(10.09.2025) The Swiss tech industry (machinery, electrical equipment, metals, and related technology sectors) is going through a difficult period. In the second quarter of 2025, order volumes fell by 13.4% compared with the previous quarter, according to the industry association Swissmem.
The sector’s sales have been declining for nine consecutive quarters. In the second quarter of 2025, capacity use stood at 80.9%, well below the long-term average of 86.2%. Employment contracted by nearly 1% – equivalent to 3,100 fewer jobs – compared with the previous quarter.
Exports from the sector fell by 0.9% year-on-year during the first half of 2025, mainly due to a sharp drop in sales to Asia (-7%), especially China (-16.8%).
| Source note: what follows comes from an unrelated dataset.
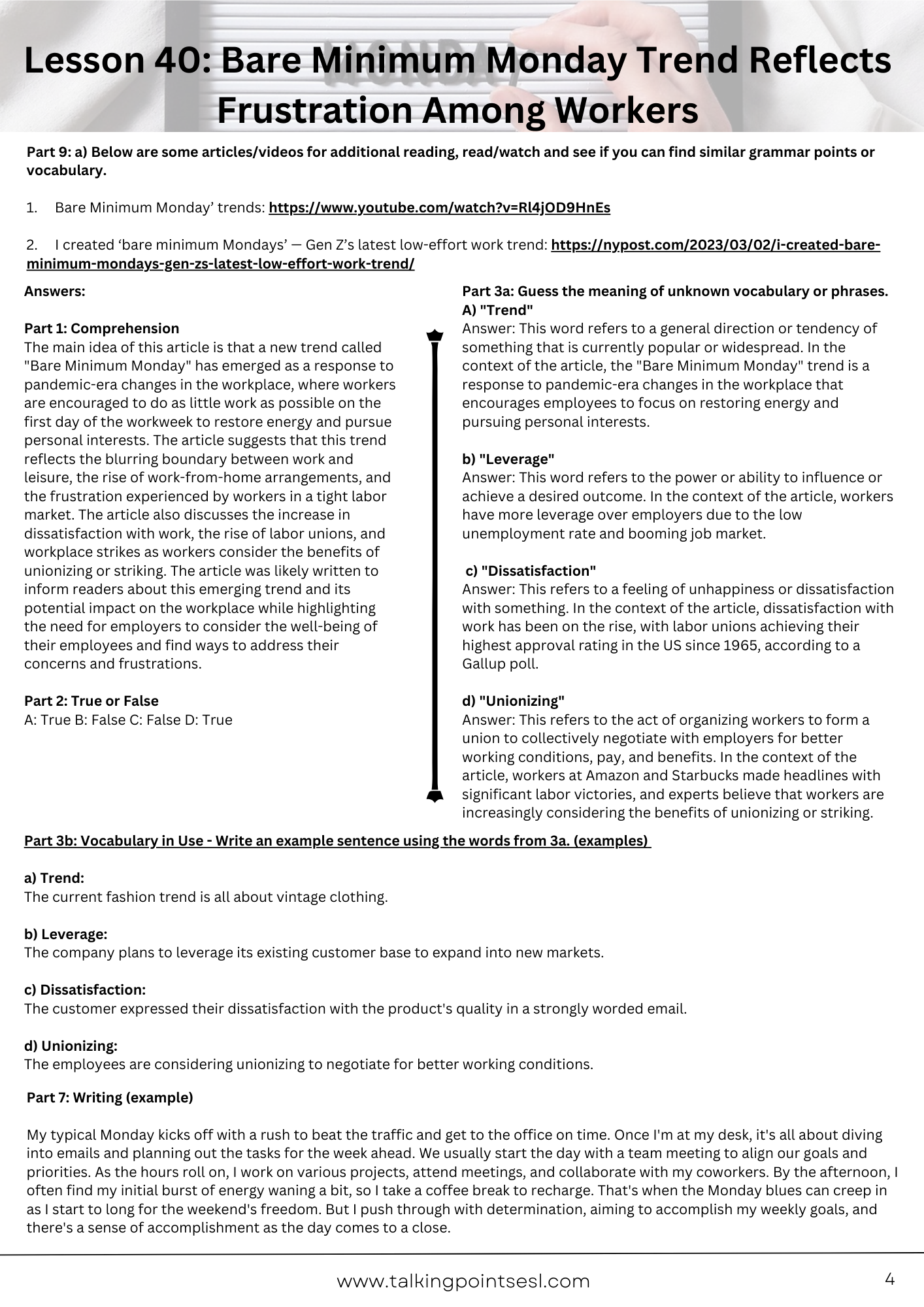 In this scenario, the students can be divided into pairs and discuss their thoughts on the "Bare Minimum Monday" trend. They can explore the pros and cons of the idea, share personal experiences, and discuss the potential long-term impacts on the workplace.

The European market remained stable (-0.1%), while shipments to the United States rose by +1% over the half-year, though with notable differences between the first quarter (+5.3%) and the second (-3.1%). Swissmem fears these figures may reflect the first effects of tariff threats raised by Washington, particularly since the decline occurred before the announcement and entry into force of the 39% tariffs.
According to a survey conducted on 7 August 2025, 70% of companies consider their overall burden to be significant or very significant. The main difficulties reported by employers include the strong franc, weak demand, regulatory pressure, and declining activity in the United States.
In addition, 37% of companies surveyed indicated they were considering job cuts, 31% relocating to European Union (EU) countries, and 28% introducing reduced working hours. According to Swissmem, redundancies are now inevitable, but the scale of the phenomenon can still be mitigated if policymakers succeed in renegotiating the U.S. tariffs.